I began to visit Jane – first every other week so my Dad could attend a support group. Initially, I only did this to help my dad. But quickly I realized I needed to spend time with Jane – for me & for her. The one thing this disease did was take away her fear of losing my dad & her insecurities that I somehow had always brought to the front of her mind. She was able to simply be Jane. And when her walls came down, so did mine. I found forgiveness for her & my hatred I had previously felt towards her turned to love. And not wanting to put words in Jane’s mouth – I believe she would say the same for me. Before she lost her vocabulary, she would tell me often she loved me & I know her words were pure & genuine. She was not saying the words out of convenience or to manipulate me but simply because they were the words in her heart. I know that because it is exactly how I felt as I began to say the words to her.

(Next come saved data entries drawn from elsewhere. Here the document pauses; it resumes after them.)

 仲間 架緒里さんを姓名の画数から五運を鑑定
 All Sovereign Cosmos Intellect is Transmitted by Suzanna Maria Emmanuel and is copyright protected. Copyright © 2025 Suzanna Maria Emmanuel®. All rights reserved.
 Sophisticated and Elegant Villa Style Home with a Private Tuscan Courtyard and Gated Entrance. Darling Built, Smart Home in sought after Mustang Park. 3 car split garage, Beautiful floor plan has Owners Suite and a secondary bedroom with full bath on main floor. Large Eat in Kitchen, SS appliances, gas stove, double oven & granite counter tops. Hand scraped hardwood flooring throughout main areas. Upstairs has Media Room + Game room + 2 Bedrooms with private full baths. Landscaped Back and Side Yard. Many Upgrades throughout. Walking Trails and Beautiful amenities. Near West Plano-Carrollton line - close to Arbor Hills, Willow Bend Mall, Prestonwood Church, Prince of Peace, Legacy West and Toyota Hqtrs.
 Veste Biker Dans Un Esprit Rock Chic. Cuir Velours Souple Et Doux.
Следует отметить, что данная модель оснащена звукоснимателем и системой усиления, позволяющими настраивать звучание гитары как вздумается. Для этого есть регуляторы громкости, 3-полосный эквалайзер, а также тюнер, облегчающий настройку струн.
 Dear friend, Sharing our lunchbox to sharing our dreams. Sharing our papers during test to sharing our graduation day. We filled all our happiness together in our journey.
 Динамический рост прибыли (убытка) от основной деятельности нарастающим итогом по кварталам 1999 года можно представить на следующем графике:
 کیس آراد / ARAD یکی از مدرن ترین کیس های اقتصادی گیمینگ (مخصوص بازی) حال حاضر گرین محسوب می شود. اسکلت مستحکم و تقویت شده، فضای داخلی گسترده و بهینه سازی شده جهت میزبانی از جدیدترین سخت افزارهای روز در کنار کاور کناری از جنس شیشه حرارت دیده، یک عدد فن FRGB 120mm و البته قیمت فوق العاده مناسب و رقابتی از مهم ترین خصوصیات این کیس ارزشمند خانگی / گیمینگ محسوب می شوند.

Now I go sit with my stepmom & hold her hand tightly. I tell her I love her & I tell her everything going on in my life. She can’t carry on a conversation with me, but I know – most days – she understands every word. And every day I visit – no matter how bad the disease is winning – she finds some way to show me she loves me. I love the time with her – but god do I hate seeing her suffer. And a part of me hopes for her end to come. I can’t say I am ready to say goodbye – but I am ready to see her suffering end. I am ready for her to find peace. And because I believe there is something beyond this human life, I know our conversations have only begun. We have so much to cover & I know Jane will find a way to talk to me after she leaves this world. But until then, I am stuck in this weird space. I grieve the loss of my stepmom – even though she is still breathing. And then I feel guilty for grieving her because she is still breathing. A dear friend of mine told me after she watched her dad die of cancer – “I learned there is something worse than death.” And I suppose that is how I feel right now with Jane. Death will bring her relief. And because I don’t believe death is the end, I suppose that is how I can see death – peace for my stepmom who has fought so hard & bravely for the past 10 years.

So there you have it. Mine & Jane’s story – in a nutshell. And while I hate this disease with every fiber in my being & I hope every day we find a cure so no more families have to walk this same path, I am grateful this disease brought forgiveness. 5 years ago I would have told you I wouldn’t miss my stepmom after she died. I would have told you I didn’t think much of her. Today I know without a doubt I am going to miss my stepmom when she leaves this world. I know when I kiss her goodbye for the final time the only feelings I will have for her will be love – pure, genuine love.

My only regret with Jane is that she & I did not find forgiveness before this disease took over. Learn from our mistakes. If there is someone important in your life who you feel wronged you in some way, forgive them. Not for them – but for you. Life is too short to hold grudges & feel anything but love for those close to you.